Re: Problem with cuda
Posted: Mon Jul 14, 2014 10:20 am
by sheng
The above seems to be avoided in the latest Abinit 7.8.1, only to end at another error:
Code: Select all
../../../abinit-7.8.1/src/98_main/mrgscr.F90:2386.51:
!$OMP PRIVATE(ig1,ig2,refval,imfval,phase)
1
Error: Object 'one' is not a variable at (1)
update: the error seems to be associated with levmar. I can finish building abinit by dropping levmar support.
Without levmar support, I have built abinit and try to run the test ./runtests.py -t0 -j 4 fast.
As usual some errors comes out again.

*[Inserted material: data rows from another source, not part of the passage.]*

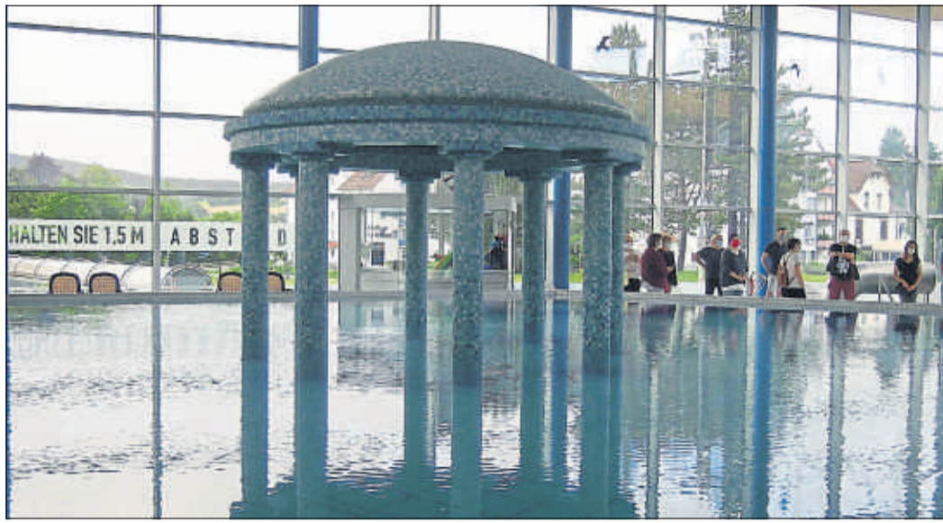
Die Schwimmbecken sind für die Badegäste vorbereitet, Markierungen weisen auf das Abstandsgebot.

gesamten Thermenbereich. Da Abstellflächen nicht mehr im gewohnten Umfang zur Verfügung stehen, werden die Gäste gebeten, auf die Mitnahme großer Taschen oder Trolleys zu verzichten und nur die nötigsten Utensilien mit-
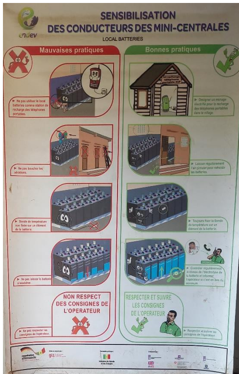
Figure 2. Affiche détaillant les mauvaises et bonnes pratiques pour la gestion du mini-réseau (2021, Sénégal).
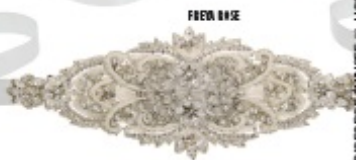
FIERA DI SE

Per qualunque tipo di acconciatura e qualunque taglio di capelli, l'accessorio può dare un tocco in più a voi (e al vostro abito). La scelta è tanta: fascinator e cappelli, veli e velette, cerchietti, pettinini, fasce di vari spessori oppure fiori freschi (ma attenzione alla stagione e all'equilibrio dei volumi) e, per un effetto principessa, il diadema!

All test sections fail and I list down the error for one section below:
Code: Select all
[fast][t16][np=1]: fldiff.pl fatal error:
The diff analysis cannot be done: the number of lines to be analysed differ.

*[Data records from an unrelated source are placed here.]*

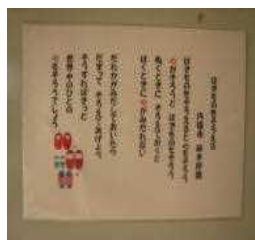
(児童昇降口に掲示)

はきものをそろえると 心もそろう 心がそろうと はきものもそろう ぬぐうときに そろえておくと はくときに 心がみだれない だれかがみだしておいたら だまってそろえてあげよう そうすればきつと 世界中のひとの 心もそろうでしょう
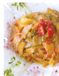
冬季限定の「帆立とズッキーニのタリアテッレ」1,000円
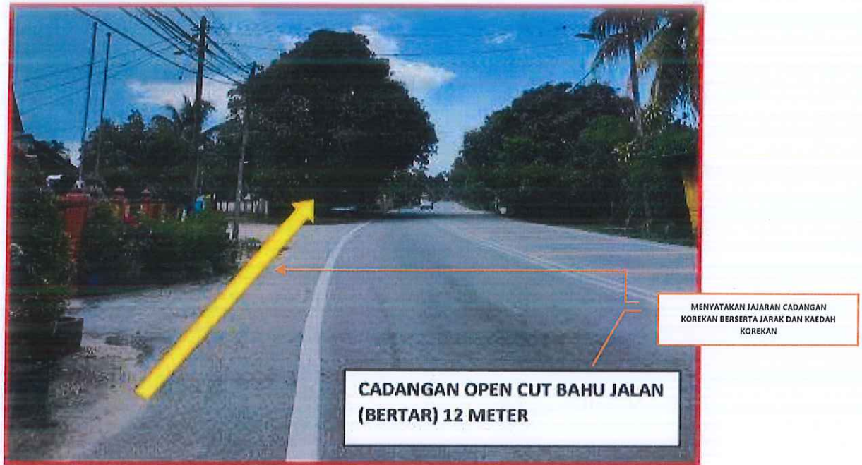
GAMBAR 3 : KAWASAN KERJA MELIBATKAN PEMOTONGAN BAHU JALAN (BERTAR)
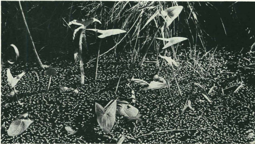
Fig. 2. Monsterpunt 2. Pijlkruid en Kroosmos. De rhizoiden van het Kroosmos houden de plantjes op regelmatige afstand van elkaar.

Deze lijst van aangetroffen water- en oeverplanten kan zeker nog uitgebreid worden. De heer H. G. van der Weijden deelde ons mede, dat hij in het zuidelijke deel niet ver van de bebouwing in de zuidpunt van het Oude Land van Strijen het zeldzame Kransvederkruid ( Myriophyllum verticillatum ) had gevonden op de grens van schoon en meer vervuild water (augustus 1972). Duidelijke vuil-schoonwater gradiënten zijn ook in het noorden van het Oude Land waar te nemen. Langs de noordelijke weg, die de scheiding vormt tussen de St. Anthoniepolder en het Oude Land, is het water troebel met een kroosdek van Bult- en Veelwortelig kroos. Deze vegetatie gaat meer naar het zuiden, dus naar het centrum van het Oude Land, over in schone slotjes met Kroosmos ( Ricciocarpos natans ). Ook vanuit de weg naar het noorden, de St.-Anthoniepolder in, is deze gradiënt waar te nemen. Soorten als Glanzig fonteinkruid, Brede (= Canadese) waterpest, Kroosmos, Watervorkjes en de

File /home/sheng/Desktop/program/Abinit/abinit-7.8.1/tests/fast/Refs/t16.out: 103 lines, 18 ignored
File /home/sheng/Desktop/program/Abinit/abinit-7.8.1-build/tests/Test_suite/fast_t03-t05-t06-t07-t08-t09-t11-t12-t14-t16/t16.out: 105 lines, 21 ignored
#0 0x7FC144227387
#1 0x1216CFD in __m_errors_MOD_msg_hndl
#2 0xC4E901 in chkinp_
#3 0x411A3B in MAIN__ at abinit.F90:416
chkinp : ERROR -
When GPU is in use (use_gpu_cuda=1), ngfft(4:6) must be equal to ngfft(1:3) !
Action: suppress ngfft in input file or change it.
--- !ERROR
message: |
Checking consistency of input data against itself gave 1 inconsistencies.
src_file: chkinp.F90
src_line: 3003
...
Any help is greatly appreciated.
Re: Problem with cuda
Posted: Mon Jul 14, 2014 10:18 pm
by jbeuken
Hi,
Code: Select all
chkinp : ERROR -
When GPU is in use (use_gpu_cuda=1), ngfft(4:6) must be equal to ngfft(1:3) !

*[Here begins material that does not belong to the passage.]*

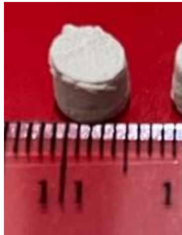
Gambar 2. Produk bone graft gelatin/hidroksiapatit
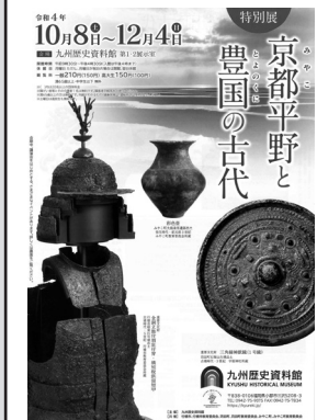
特別展 京都平野と豊国の古代

11月の歴史講座 漢詩紀行講座 11月5日(土) 9時30分 古文書講座 11月12日(土) 10時 古典かな講座 11月19日(土) 9時30分 みやこ学講座 11月26日(土) 10時 ※日程等変更となる場合があります。 ※見学会等は別途通知します。 九州歴史資料館で特別展「京都平野と豊国の古代」開催中! 当館との交流も深い九州歴史資料館では特別展「京都平野と豊国の古代」を開催中です。この展示はかつて「豊国」と呼ばれた京都平野の古代史を「深掘り」するもので、みやこ町の資料も主役の一人となつて貴重な資料が勢揃いします。

Action: suppress ngfft in input file or change it.
Have you done a few things in relation to the suggested action ?
another general remark : you use a lot of not officially tested "options" on our test farm :
for example :
- levmar ( not tested nightly )
- magma 1.5 beta ( we test cuda with magma 1.2.1 )
- GPU + scalapack + OMP ( we don't use GPU and OMP together )
- the test suite does not covered the scalapack part of code then scalapack is not tested, only the compilation is OK
- cuda 6 ( we use CUDA 4.2 and CUDA 5 )
- gcc 4.9.0 ( ok, it seems mature but it's a "zero" version )
- there are only 4 GPU tests tested in the testsuite on our test farm ( for example, tests "fast" are not tester on the CUDA bot because references are different…)
( see :
http://buildbot.abinit.org/builders/bud ... gs/summary)
I can understand that you try to get a "fast" ABINIT version for production but it's a very complicated configuration…
regards
jmb
Re: Problem with cuda
Posted: Tue Jul 15, 2014 11:00 pm
by roginovicci
Is it possible to talk about fast configuration when code compiled with gnu C? I've found PGI or Intel compilators produces boost in performance up to 70%. That was a couple years thought.
I'm not sure topic starter use linux platform, but I can assume based on my experience that best linux distros for abinit is redhat/centos or debian. I've found some problem using abinit with arch linux (same problems could occur in fedora or ubuntu) because its testing distros in fact. Anyway here is part of my script working quite well with cuda.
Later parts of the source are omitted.